## Activity
In the listing below, tally the lines that hold "FILIPESCU" and report that number by itself.

## Records supplied
.....

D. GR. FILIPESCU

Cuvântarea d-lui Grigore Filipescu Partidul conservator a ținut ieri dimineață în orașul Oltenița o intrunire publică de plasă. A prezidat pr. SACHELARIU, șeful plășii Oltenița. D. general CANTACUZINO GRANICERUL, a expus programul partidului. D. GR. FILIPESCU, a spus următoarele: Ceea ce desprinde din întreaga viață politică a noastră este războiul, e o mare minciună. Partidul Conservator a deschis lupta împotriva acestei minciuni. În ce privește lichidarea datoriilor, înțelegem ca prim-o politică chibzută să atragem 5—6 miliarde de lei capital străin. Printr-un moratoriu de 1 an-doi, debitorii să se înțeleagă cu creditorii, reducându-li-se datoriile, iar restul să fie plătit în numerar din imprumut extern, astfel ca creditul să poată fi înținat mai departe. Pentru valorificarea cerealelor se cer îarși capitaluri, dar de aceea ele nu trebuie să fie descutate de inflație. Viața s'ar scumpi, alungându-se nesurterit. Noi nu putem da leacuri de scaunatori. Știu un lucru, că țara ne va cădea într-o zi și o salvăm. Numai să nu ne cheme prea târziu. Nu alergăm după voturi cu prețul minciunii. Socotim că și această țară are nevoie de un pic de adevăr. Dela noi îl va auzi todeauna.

.....

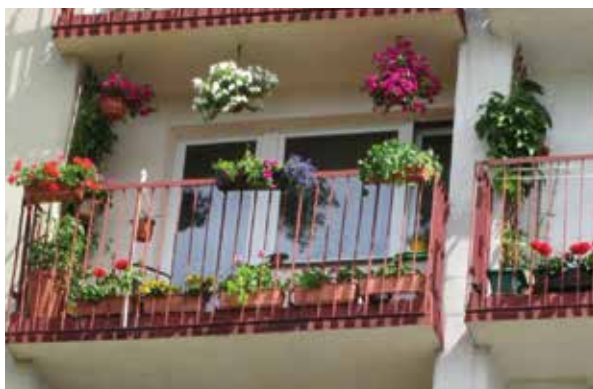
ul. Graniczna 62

.....

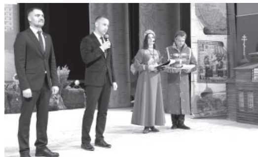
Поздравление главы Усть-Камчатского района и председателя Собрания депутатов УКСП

.....

## Solved problem
2